● **AVAILABLE RECORDS**:

*** Block opens ***

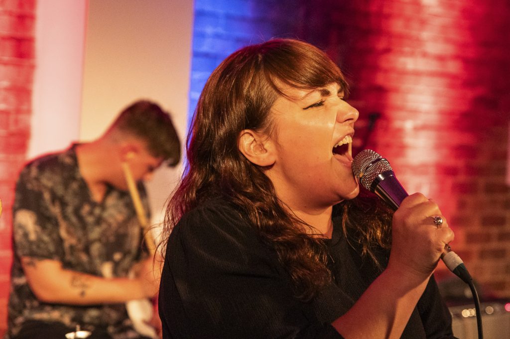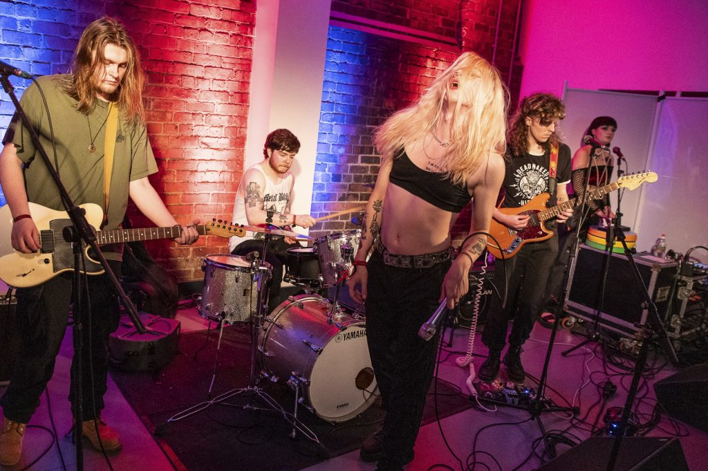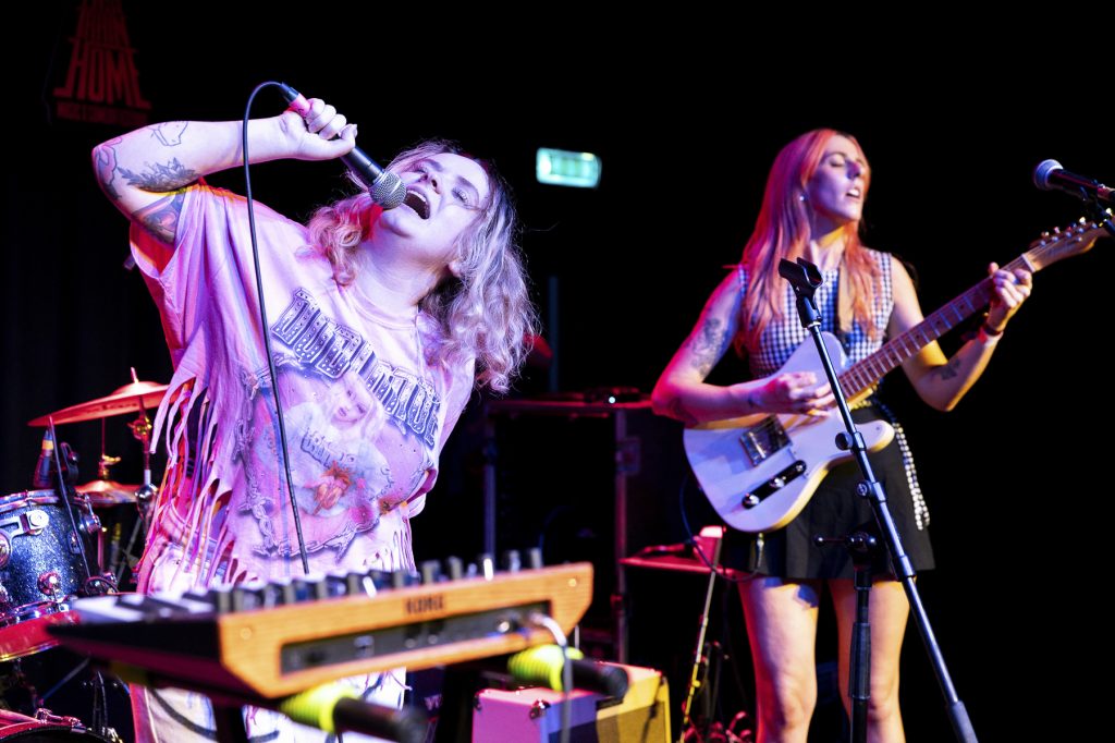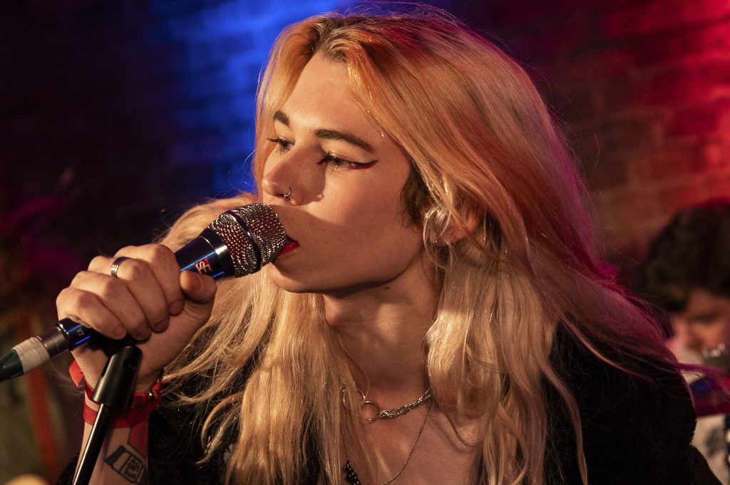 4pm and I witness what, to me, is the first truly great band of the day. Tucked away upstairs in The Hippodrome is the NARC Magazine Stage. A room that, at the most, probably holds 80/100 people. It’s small, hot, sweaty and the perfect setting for Fiona Liquid and The Clique. Before they even begin Liquid is pacing the floor, so much pent-up nervous energy waiting to explode. Add in a band that, amongst others, contains two members of Mally – another North East band with an explosive live show – and you know this is going to be something special. And it is. Like Iggy, Fiona Liquid paces the stage ready to explode. Eyeballing the audience, Liquid not only has a superb voice but an incredible stage presence. And the songs. This is full on, in your face, frantic punk rock reminiscent of the Stooges, first wave punk and the dance influence of people such as LCD Soundsystem. The guitars slice through you, the drums pummel you, the keys are subtle but add wonderfully to the mix. And all the while there’s this presence completely unable to stay still. Liquid is in the crowd, leaping around, preening in front of the mirrored wall. Songs full of anger, sadness and raw feelings. There’s no holding back as they spit venom addressing attitudes towards those that refuse to conform to outdated beliefs. There’s harshness here along with darkness but there’s also joy in the way you want to join in, leap around and make the absolute most of what you’re witnessing. Fiona Liquid and The Clique say it how it needs to be said and do so over a sonic assault with a visual spectacle that no one who appreciates music with a real attitude should ignore. Brilliant.
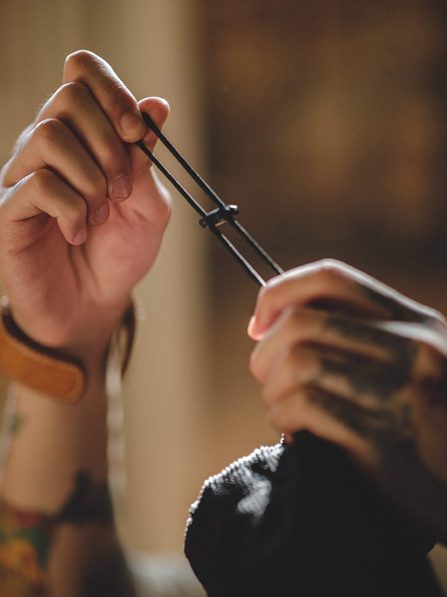 ワイドシルエットでありながら、裾に向かって細くなるテーパードシルエットが美しく、すっきりとしたスタイリッシュな印象を与えます。裾部分のロープコードにより、シルエットのアレンジが自在に可能です。
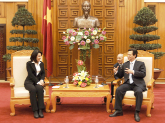 (Chinhphu.vn) – Tiếp Bộ trưởng Bộ Thương mại Thái Lan Porntiva Nakasai đang ở thăm và làm việc tại nước ta chiều 15/5 tại Trụ sở Chính phủ, Thủ tướng Chính phủ Nguyễn Tấn Dũng đề nghị lãnh đạo Bộ Công Thương Việt Nam và Bộ Thương mại Thái Lan cần tích cực triển khai các lĩnh vực, chương trình hợp tác đã thỏa thuận.
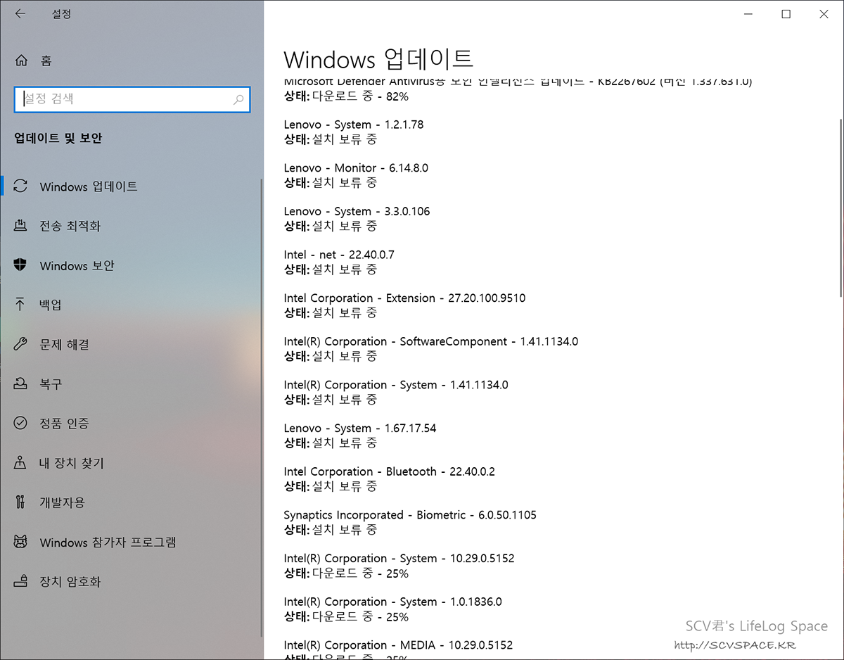 평소처럼 윈도우 업데이트도 한번 순회한 다음, (유난히 시스템 업데이트가 많았네요)
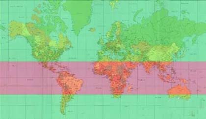 氣候不適宜數(shù)據(jù)中心選址的地區(qū)(紅色部分)
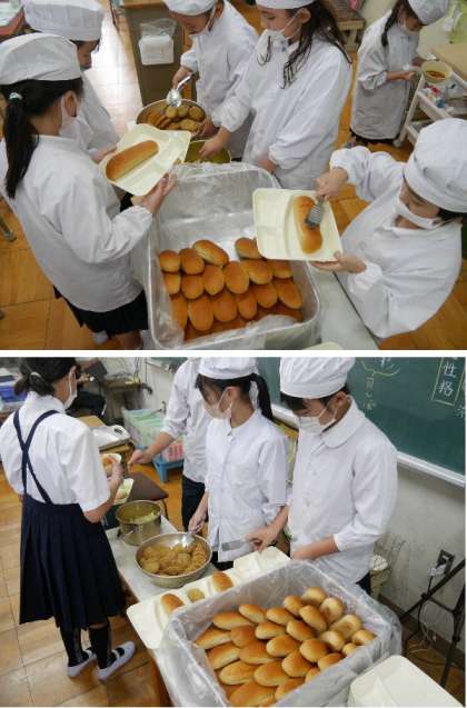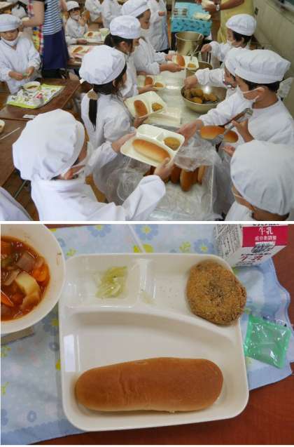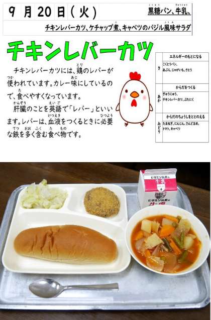 今日の献立は、チキンレバーカツ、ケチャップ煮、キャベツのバジル風味サラダ、黒糖パン、牛乳でした。
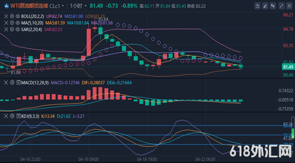 【原油技术面解析 】:原油上周中阴线回吐收低,周初即表现弱势震荡回落,连续的高不破高,最终短线转换回落,上周五伴随拉锯洗盘式的二次探高至86.25.尾盘依旧承压收回低位,周线和日线收低,进行冲高回落的走弱。短线周初将延续回落调整。4小时图的二次探高昙花一现,关键看收盘的位置。以中轨为强弱临界点,探高上回中轨之下,目前中轨是首个阻力点,也是上周五的尾盘反弹最后一个高点。主思路延续反弹高空为主。综合来看,原油操作思路上建议以反弹高空为主,回踩低多为辅,上方短期关注83.5-84.0一线阻力,下方短期关注80.5-80.0一线支撑。
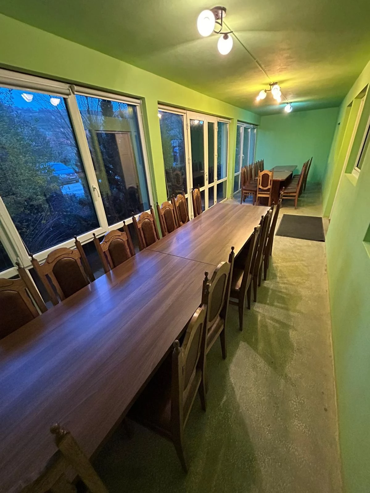 - Az ebédlő 32 fő befogadására alkalmas, nagy asztallal, amely lehetővé teszi a közös étkezéseket.

*** Block closes ***

● **WORK ITEM**:
All entries, top to bottom, should be retyped exactly; the pictures should not be.

● **YOUR SOLUTION**:
 4pm and I witness what, to me, is the first truly great band of the day. Tucked away upstairs in The Hippodrome is the NARC Magazine Stage. A room that, at the most, probably holds 80/100 people. It’s small, hot, sweaty and the perfect setting for Fiona Liquid and The Clique. Before they even begin Liquid is pacing the floor, so much pent-up nervous energy waiting to explode. Add in a band that, amongst others, contains two members of Mally – another North East band with an explosive live show – and you know this is going to be something special. And it is. Like Iggy, Fiona Liquid paces the stage ready to explode. Eyeballing the audience, Liquid not only has a superb voice but an incredible stage presence. And the songs. This is full on, in your face, frantic punk rock reminiscent of the Stooges, first wave punk and the dance influence of people such as LCD Soundsystem. The guitars slice through you, the drums pummel you, the keys are subtle but add wonderfully to the mix. And all the while there’s this presence completely unable to stay still. Liquid is in the crowd, leaping around, preening in front of the mirrored wall. Songs full of anger, sadness and raw feelings. There’s no holding back as they spit venom addressing attitudes towards those that refuse to conform to outdated beliefs. There’s harshness here along with darkness but there’s also joy in the way you want to join in, leap around and make the absolute most of what you’re witnessing. Fiona Liquid and The Clique say it how it needs to be said and do so over a sonic assault with a visual spectacle that no one who appreciates music with a real attitude should ignore. Brilliant.
 ワイドシルエットでありながら、裾に向かって細くなるテーパードシルエットが美しく、すっきりとしたスタイリッシュな印象を与えます。裾部分のロープコードにより、シルエットのアレンジが自在に可能です。
 (Chinhphu.vn) – Tiếp Bộ trưởng Bộ Thương mại Thái Lan Porntiva Nakasai đang ở thăm và làm việc tại nước ta chiều 15/5 tại Trụ sở Chính phủ, Thủ tướng Chính phủ Nguyễn Tấn Dũng đề nghị lãnh đạo Bộ Công Thương Việt Nam và Bộ Thương mại Thái Lan cần tích cực triển khai các lĩnh vực, chương trình hợp tác đã thỏa thuận.
 평소처럼 윈도우 업데이트도 한번 순회한 다음, (유난히 시스템 업데이트가 많았네요)
 氣候不適宜數(shù)據(jù)中心選址的地區(qū)(紅色部分)
 今日の献立は、チキンレバーカツ、ケチャップ煮、キャベツのバジル風味サラダ、黒糖パン、牛乳でした。
 【原油技术面解析 】:原油上周中阴线回吐收低,周初即表现弱势震荡回落,连续的高不破高,最终短线转换回落,上周五伴随拉锯洗盘式的二次探高至86.25.尾盘依旧承压收回低位,周线和日线收低,进行冲高回落的走弱。短线周初将延续回落调整。4小时图的二次探高昙花一现,关键看收盘的位置。以中轨为强弱临界点,探高上回中轨之下,目前中轨是首个阻力点,也是上周五的尾盘反弹最后一个高点。主思路延续反弹高空为主。综合来看,原油操作思路上建议以反弹高空为主,回踩低多为辅,上方短期关注83.5-84.0一线阻力,下方短期关注80.5-80.0一线支撑。
 - Az ebédlő 32 fő befogadására alkalmas, nagy asztallal, amely lehetővé teszi a közös étkezéseket.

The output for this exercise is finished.